The husband is given care of the wife as a “guardian.”  He is responsible for her welfare physically, financially, emotionally, and spiritually.  He is to take great measures against anything that threatens her well-being, including her own arrogance.  If a man fears that his wife is being “high-handed” (nushuz; Pickthall: “ill-will and nasty conduct;” Ali: “disloyalty and ill conduct”) and therefore the integrity of the marriage and the wife’s heart are in jeopardy, he is allowed to take action to correct her and get her back to a place that will bless her once again.  Notice that nushuz is something a man can do to his wife as well (4:128), so we are not talking about a wife who refuses to be submissive, as a Muslim man is not expected to be submissive to his wife and therefore could not be guilty of this.  We are talking about a spouse who callously, disrespectfully treats the other with meanness and spite.  Both men and women can do this.  Marriages, families, virtue and the very fabric of good society are at risk from such behavior that goes unchecked. 

We should note that both the husband and the wife have the right to divorce if one fears ill-will or irreconcilable differences with the other.  Theoretically, this is not a situation where a woman is trapped with a domineering husband (though in reality it is not always that simple, is it?)  This is a couple working out the wrinkles in a marriage they wish to preserve.   
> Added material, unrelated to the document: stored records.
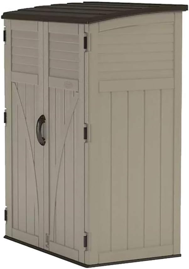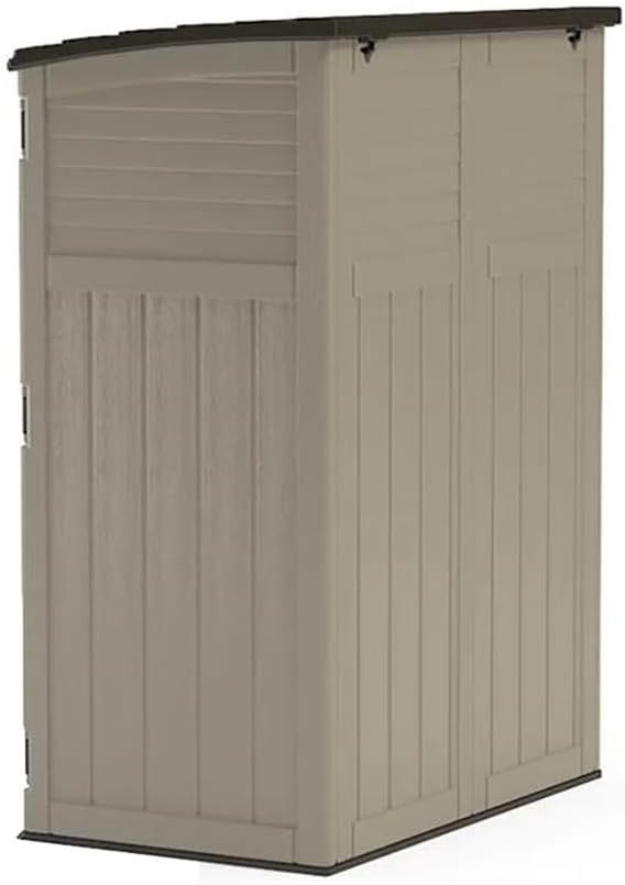 TALL DESIGN FITS BULKY & LONG-HANDLED ITEMS: Store brooms shovels patio umbrellas and pool gear with ease. Vertical shape fits tight patios or garden areas while offering 54 cu. ft. of deep interior space and storage shed floor is included.
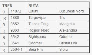 S-a luat decizia anulării trenurilor de mai jos, pentru adaptarea circulaţiei feroviare la posibilităţile efective, iar traficul de pasageri va fi preluat, în măsura posibilităţilor, de celelalte trenuri rămase în grafice, arată un comunicat al CFR Călători.
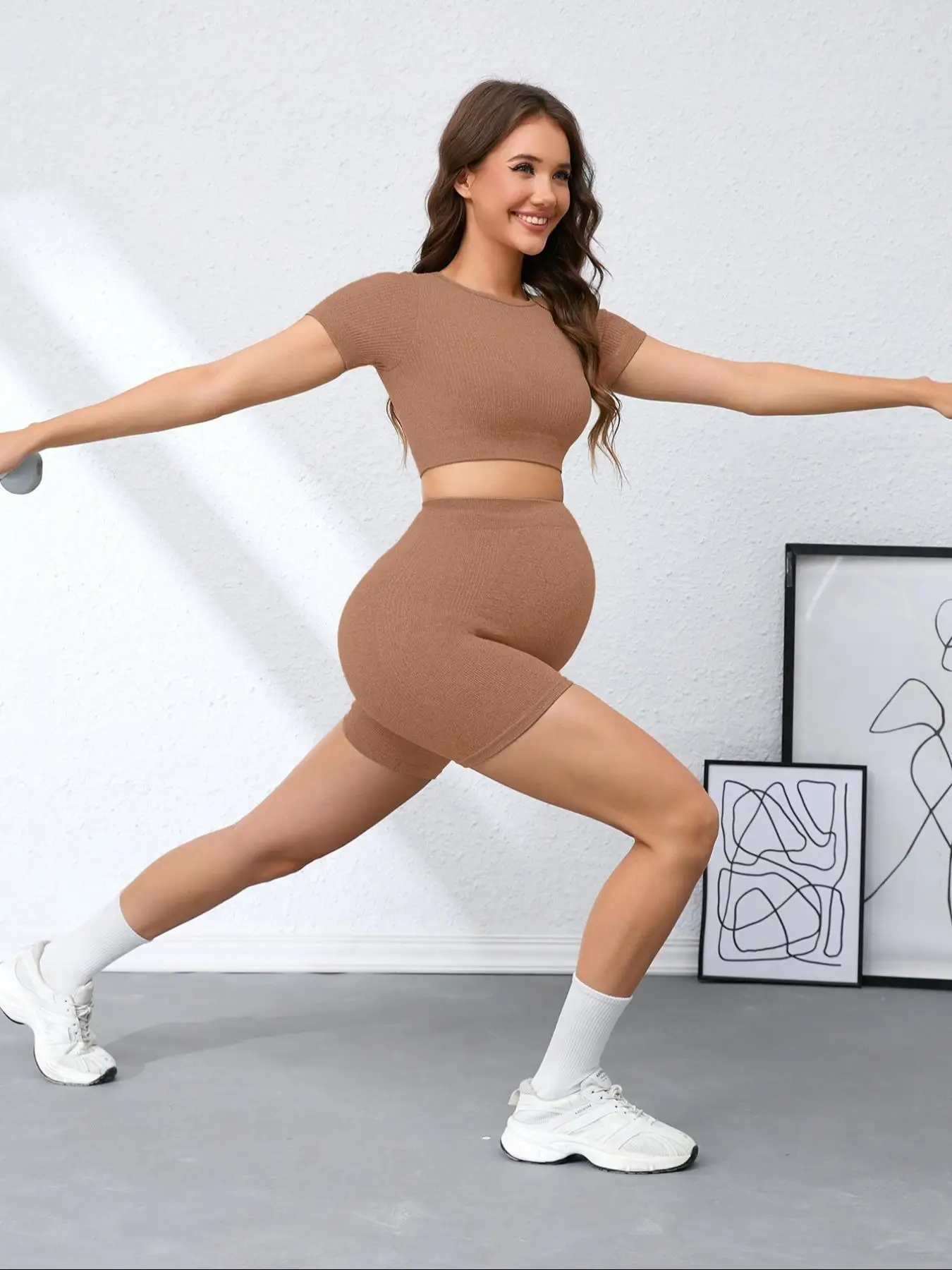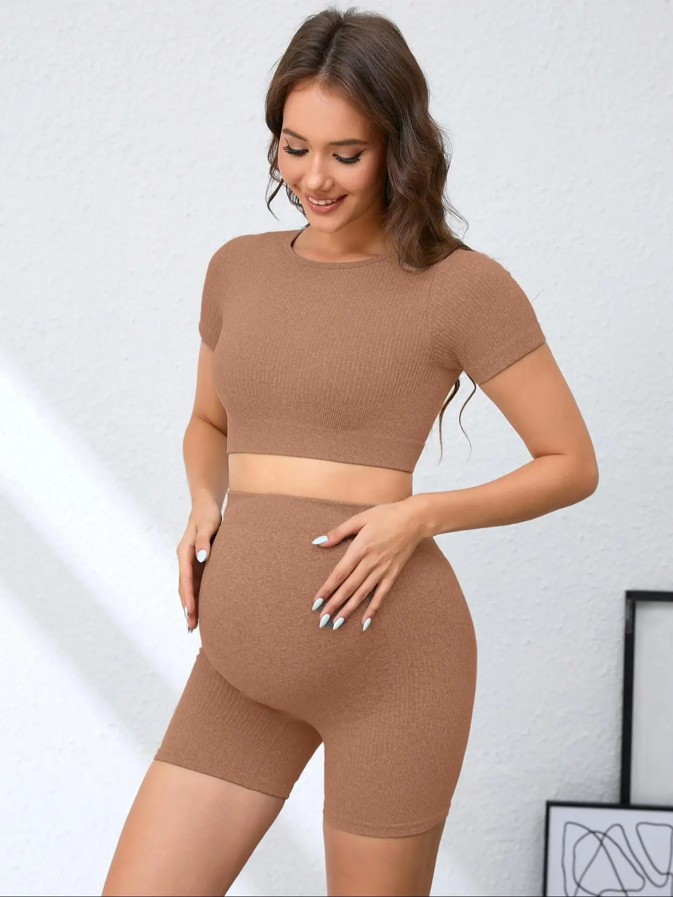 Women's Maternity 2 Piece Seamless Short Sleeve Crop Top Legging Sets Workout Casual

According to this passage, if a wife should choose to conduct herself in such a hateful manner, a man is to deal with her using four steps that ascend in severity.  The hope is that as few steps as possible are necessary. 

  1. Admonish her with stern words.
  2. Separate himself for her sexually so that she feels the deprivation of companionship and rights her ways.
  3. Hit her in such a way that she “wakes up” and assumes her expected role as loving spouse.  Traditions about Muhammad (hadiths) say the Prophet said these beatings could not cause bruising, injury or serious hurt.  One commentator likened this to a single, open-handed slap intended only to bring the wife back to her senses, the kind that “shakes the woman out of her mood and she falls on his shoulders, with both happier than before” (Ahmad Shafaat). 
  4. If none of these work, the couple is to sit down with a trusted member of each extended family and try to work out their differences. 

Do all Muslims understand the admonition to “hit them” in the way described here?  No.  Do all Christians understand the Bible the same way?  Some Muslim men could not imagine laying a finger on their wives.  But are there some Muslim men who use this passage as permission to repeatedly batter their wives out of anger and a desire for control?  Yes.  Just as there are some Christian men who use Ephesians 5:22-24 to do the same.  Still, the verse is there.

So, after understanding this passage in context, what do you think?